LOT Winter School 2018

Statistical models of language variation with R

Natalia Levshina




Course information

Level: Advanced

Course description

A large amount of attention in sociolinguistics, psycholinguistics, cognitive and usage-based linguistics has been paid to alternations, variants, near synonyms and other types of functionally related linguistic units, e.g. English double-object and prepositional dative, Dutch doen and laten or the use or non-use of post-vocalic /r/, as in ‘fourth floor’. Such variation is normally probabilistic and multifactorial and requires the use of advanced multivariate methods. This practical hands-on course teaches how to model this kind of variation with the help of R, popular open-source statistical software. The methods covered in this course include frequentist and Bayesian binomial and multinomial logistic regression, mixed-effects models, conditional inference trees, random forests and naïve discriminative learning. The participants will learn how to fit such models, check their assumptions in order to obtain meaningful results, and interpret the latter with the help of various visualization techniques. Special attention will be paid to the advantages and disadvantages of each method for particular research tasks.

Day-to-day programme

Monday: Introduction. Binomial/binary logistic regression.

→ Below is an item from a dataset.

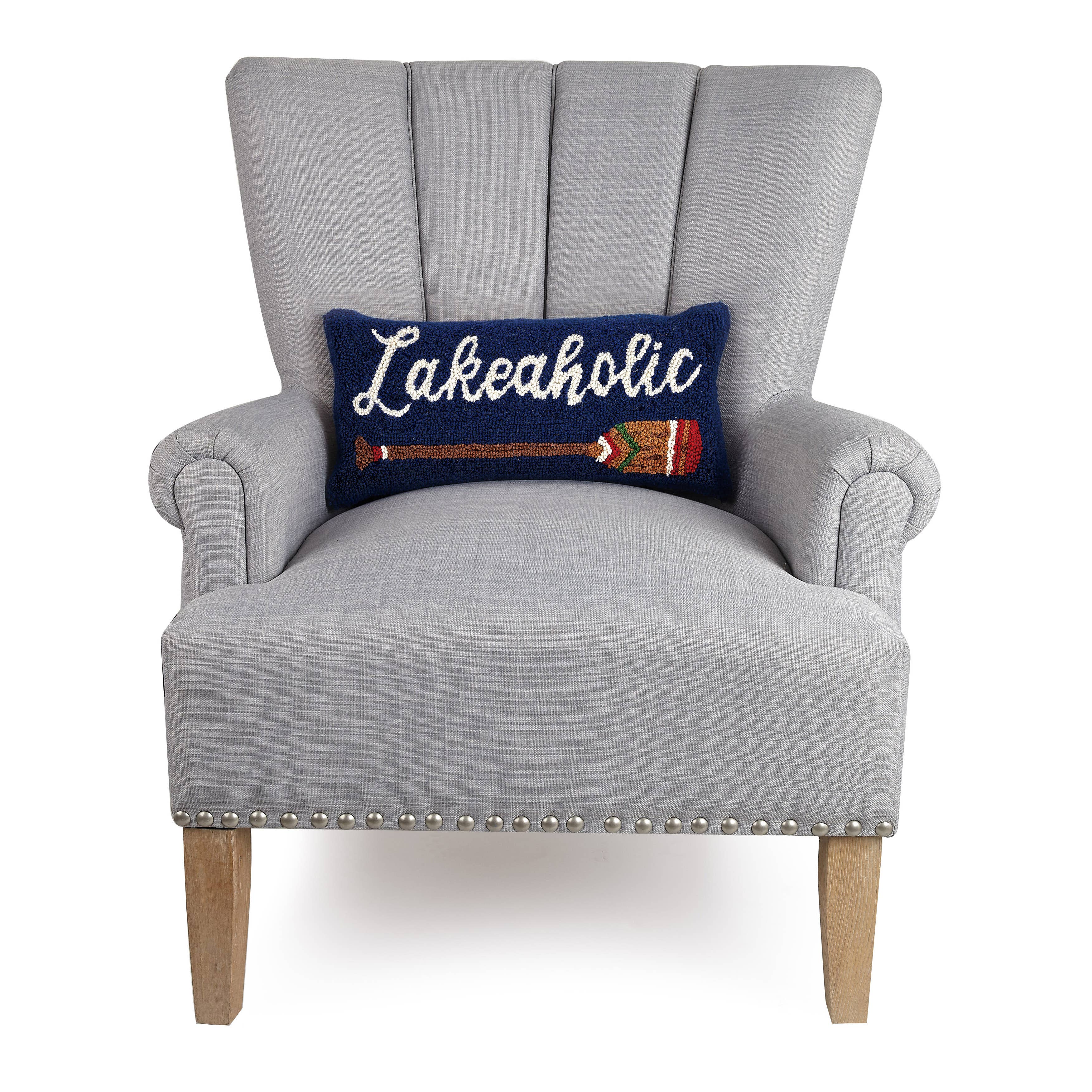 Celebrate your love for the lake life with the Lakeaholic Hook Pillow. Featuring a playful "Lakeaholic" script and a colorful paddle graphic, this pillow is the perfect accent for lake cabins or homes. Crafted from cozy wool, the deep blue background and fun design bring a relaxed, lakeside vibe into your space.
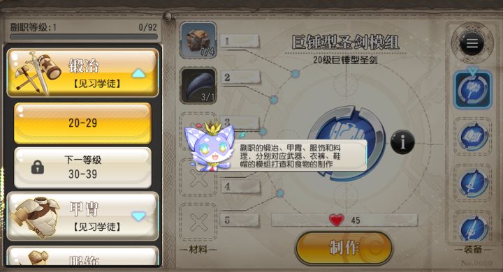 相信大家一定在游戏里发现“副职”这个功能了吧,这里我来为大家简单介绍下这个功能。比如说在游戏中获得了这种道具,但是却无法使用提示需要副职,这种就是副职制造所需的材料之一,当然材料还包括很多乱七八糟的道具比如说“有毒触手”“小树枝”。玩家在20级后可以解锁副职功能,此时会出现教程引导玩家制作第一个物品。除了这个引导之外,外加也可以拿自己获得的材料来制作东西。就拿上面那个图纸为例。对图纸点击

Tuesday: Binomial (continued) and multinomial logistic regression

Wednesday: Logistic regression with mixed effects.

Thursday: Conditional inference trees and random forests.

Friday: Naïve discriminative learning. Conclusions: pros and cons of each method.

Reading list


Levshina, N. 2015. How to Do Linguistics with R: Data exploration and statistical analysis. Amsterdam: John Benjamins. Chapter 12.


Divjak, Dagmar and Antti Arppe. 2013. Extracting prototypes from exemplars. What can corpus data tell us about concept representation? Cognitive Linguistics 24(2): 221-274.

Natalia Levshina. 2016. When variables align: A Bayesian multinomial mixed-effects model of English permissive constructions. Cognitive Linguistics 27(2): 235-268.


Johnson, D. E. 2009. Getting off the GoldVarb standard: Introducing Rbrul for mixed-effects variable rule analysis. Language and Linguistics Compass 3(1): 359–383.

Levshina, N, D. Geeraerts & D. Speelman. 2013. Towards a 3D-Grammar: Interaction of linguistic and extralinguistic factors in the use of Dutch causative constructions. Journal of Pragmatics 52: 34–48.

Wolk, Ch., J. Bresnan, A. Rosenbach & B. Szmrecsanyi. 2013. Dative and genitive variability in Late Modern English: Exploring cross-constructional variation and change. Diachronica 30(3): 382–419.


Szmrecsanyi, B., J. Grafmiller, B. Heller & M. Röthlisberger. 2016. Around the world in three alternations: Modeling syntactic variation in varieties of English. English World-Wide 37(2): 109–137.

Tagliamonte, S. & R. H. Baayen. 2012. Models, forests and trees of York English: Was/were varia­tion as a case study for statistical practice. Language Variation and Change 24(2): 135–178.


Baayen, R. H. 2011. Corpus linguistics and naive discriminative learning. Brazilian Journal of Applied Linguistics 11: 295–328.

Baayen, R. H., A. Endresen, L. A. Janda, A. Makarova & T. Nesset. 2013. Making choices in Russian: Pros and cons of statistical methods for rival forms. Russian Linguistics 37: 253–291.